Con mis pies en sus manos, lo escucho farfullar maldiciones contra la fascitis plantar que rehusa a ceder terreno y contra el ortopédico, que es un inepto.
"Quiero opioides", he dicho dulcemente, mientras acariciaba las hojas de la malanga sobre el escritorio.
"Concedido", ha respondido él de inmediato."¿Algo más?"
"Una botella de buen vino, con prescripción."
Me ha mirado fijamente por un segundo, y ha comenzado a teclear.
"Yo soy noreuropeo. Bebo cerveza y vino para todo, porque es mi derecho histórico. ¿Sabías que en el año 9 a.d.c derrrotamos a los romanos?
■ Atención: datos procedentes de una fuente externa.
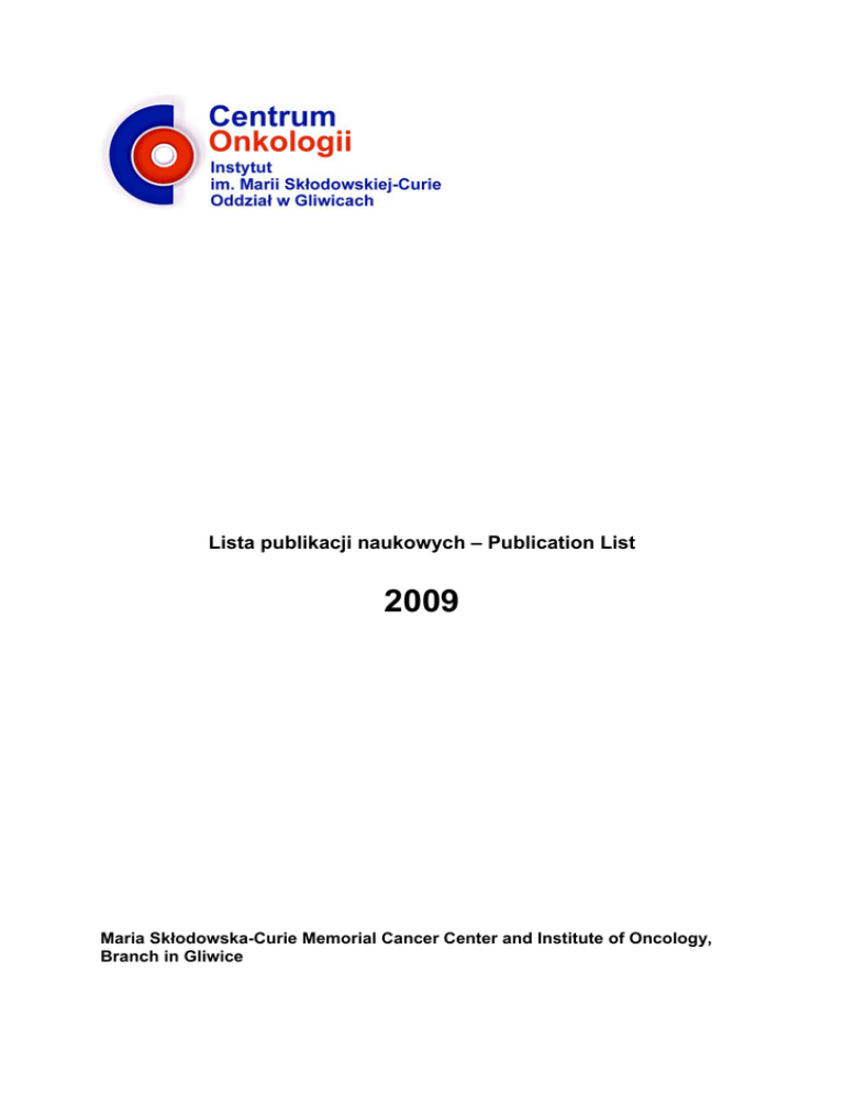 Lista publikacji naukowych – Publication List 2009 Maria Skłodowska-Curie Memorial Cancer Center and Institute of Oncology, Branch in Gliwice Selected papers published in internationally reviewed journals indexed by ISI Chechlińska M, Siwicki JK, Gos M, Oczko-Wojciechowska M, Jarzab M, Pfeifer A, Jarzab B, Steffen J (2009): Molecular signature of cell cycle exit induced in human T lymphoblasts by IL-2 withdrawal. BMC Genomics 10: e261. (IF=3,926) Cote L, Chen W, Sealy-Jefferson S, Autrup H, Behamour S, Butkiewicz D, Fong K.M, Hirvonen A, Kiyohara C, Larsen J.E, Lin P, Povey A.C, Reszka E, Risch A, Schneider J, Schwartz A.G, Sorensen M, To-Figureas J, Tokudome S, Pu Y, Yang P, Wenzlaff A.S, Taioli E. (2009): Meta- and pooled analysis of GSTP1and lung cancer: A HuGE-GSEC rewiev. Am. J. Epidemiol. 169: 802-814. (IF=5,454) Erlic Z, Rybicki L, Peczkowska M, Golcher H, Kann PH, Brauckhoff M, Müssig K, Muresan M, Schäffler A, Reisch N, Schott M, Fassnacht M, Opocher G, Klose S, Fottner C, Forrer F, Plöckinger U, Petersenn S, Zabolotny D, Kollukch O, Yaremchuk S, Januszewicz A, Walz MK, Eng C, Neumann HP, European-American Pheochromocytoma Study Group (m.in. Jarząb B) (2009): European-American Pheochromocytoma Study Group. Clinical predictors and algorithm for the genetic diagnosis of pheochromocytoma patients. Clin. Cancer Res. 15: 6378-6385. (IF=6,488) Gąsowska-Bajger B, Frąckowiak-Wojtasek B, Koj S, Cichoń T, Smolarczyk R, Szala S, Wojtasek H (2009): Oxidation of carbidopa by tyrosinase and its effect on murine melanoma. Bioorg. Med. Chem. Lett. 19: 3507-3510. (IF=2,531) Giebel S, Krawczyk-Kulis M, Kyrcz-Krzemien S, Haus O, Jagoda K, Piatkowska-Jakubas B, Paluszewska M, Seferynska I, Chrobok A, Stella-Holowiecka B, Kielbinski M, Hołowiecki J. (2009). Could cytogenetics and minimal residual disease replace conventional risk criteria in adults with Ph-negative acute lymphoblastic leukemia? Brit. J. Haematol. 144: 970-972. (IF=4,478) Giebel S, Hołowiecki J, Krawczyk-Kulis M, Jagoda K, Stella-Hołowiecka B, SadusWojciechowska M, Hellmann A, Dmoszynska A, Paluszewska M, Robak T, Konopka L, Seferynska I, Skotnicki AB, Kyrcz-Krzemien S (2009): Impact of granulocyte colony stimulating factor administered during induction and consolidation of adults with acute lymphoblastic leukemia on survival: long-term follow-up of the Polish adult leukemia group 4-96 study. Leukemia Lymphoma. 50: 1050-1053. (IF=1,939) Giebel S, Nowak I, Dziaczkowska J, Czerw T, Wojnar J, Krawczyk-Kulis M, Hołowiecki J, Holowiecka-Goral A, Markiewicz M, Kopera M, Karolczyk A, Kyrcz-Krzemien S, Kusnierczyk P (2009): Activating killer immunoglobulin-like receptor incompatibilities enhance graft-versus host disease and affect survival after allogeneic hematopoietic stem cell transplantation. Eur. J. Haematol. 83: 343-356. (IF=2,237) Giebel S, Labopin M, Hołowiecki J, Labar B, Komarnicki M, Koza V, Masszi T, Mistrik M, Lange A, Hellmann A, Vitek A, Pretnar J, Mayer J, Rzepecki P, Indrak K, Wiktor-Jedrzejczak W, Wojnar J, Krawczyk-Kulis M, Kyrcz-Krzemien S, Rocha V. (2009). Outcome of HLAmatched related allogeneic hematopoietic stem cell transplantation for patients with acute leukemia in first complete remission treated in Eastern European centers. Better results in recent years. Ann. Hematol. 88:1005-1013. (IF=2,454) 2 Hołowiecka-Goral A, Hołowiecki J, Giebel S, Stella-Holowiecka B, Kos K, LehmannKopydłowska A, Dudziński M, Hałasz M, Preisner W, Cioch M, Piszcz J. (2009). Liposomal cytarabine in advanced-stage acute lymphoblastic leukemia and aggressive lymphoma with CNS involvement: experience of The Polish Acute Leukemia Group. Leukemia Lymphoma 50: 478-80. (IF=1,939) Jaksik R, Polańska J, Herok R, Rzeszowska-Wolny J (2009): Calculation of reliable transcript levels of annotated genes on the basis of multiple probe-sets in Affymetrix microarrays. Acta Biochim. Polon. 56: 271-277. (IF=1,448) Jażdżewski K, Liyanarachchi S, Świerniak M, Pachucki J, Ringel M, Jarząb B (2009): Polymorphic mature microRNAs from passenger stand of pre-miR-146a contribute to thyroid cancer. Proc. Nat. Acad. Sci. USA 106: 1502-1505. (IF=9,380) Jędrzejowska-Szypułka H, Larysz-Brysz M, Kukla M, Snietura M, Lewin-Kowalik J (2009): Neutralization of interleukin-1beta reduces vasospasm and alters cerebral blood vessel density following experimental subarachnoid hemorrhage in rats. Curr. Neurovasc. Res. 6: 95-103. (IF=3,571) Kępka L, Maciejewski B, Withers RH (2009): Does incidental irradiation with doses below 50Gy effectively reduce isolated nodal failures in non-small-cell lung cancer: Dose-Response relationship. Int. J. Radiat. Oncol. Biol. Phys. 73: 1391-1396. (IF=4,639) Kuzbicki L, Lange D, Chwirot BW (2009): Cyclooxygenase-2 immunohistochemistry in human melanoma: differences between results obtained with different antibodies. Melanoma Res. 19: 294-300. (IF=2,336) Luster M, Handkiewicz-Junak D, Grossi A, Zacharin M, Taïeb D, Cruz O, Hitzel A, Casas JA, Mäder U, Dottorini ME; Pediatric rhTSH Investigators Group (2009): Multicenter retrospective study on recombinant human TSH use in children and adolescents with differentiated thyroid cancer: tolerability and serum TSH effect. J. Clin. Endocrin. Metab. 94: 3948-3953. (IF=6,325) Maciejewski A, Szymczyk C, Półtorak S, Grajek M (2009): Tracheal reconstruction with the use of radial forearm free flap combined with biodegradative mesh suspension. Ann. Thorac. Surg. 87: 608-610. (IF=2,689) Majewski W, Tarnawski R (2009): Acute and late toxicity in radical radiotherapy for bladder cancer. Clin. Oncol. 21: 598-609. (IF=2,184) Majewski W, Wesołowska I, Urbańczyk H, Hawrylewicz L, Świerczok B, Miszczyk L (2009): Dose distribution in bladder and surrounding normal tissues in relation to bladder volume in conformal radiotherapy for bladder cancer. Int. J. Radiat. Oncol. Biol. Phys. 75: 1371-1378. (IF=4,639) Markowski J, Tyszkiewicz T, Jarzab M, Oczko-Wojciechowska M, Gierek T, Witkowska

Pues así fue. Los engañamos y los emboscamos en el bosque de Teutoburgo. Y luego los clavamos a los árboles."
Me ha mirado por un momento, y yo a él.
"Ya no hacemos esas cosas."
"Claro", he ripostado, "es algo bueno, el que las maneras mejoren con los siglos."
Y él ha asentido, y ha dicho que vino no, pero tampoco acepta que le pague. Lo cual es bello e iinstructivo, porque ningún loco está loco si uno se conforma con sus razones.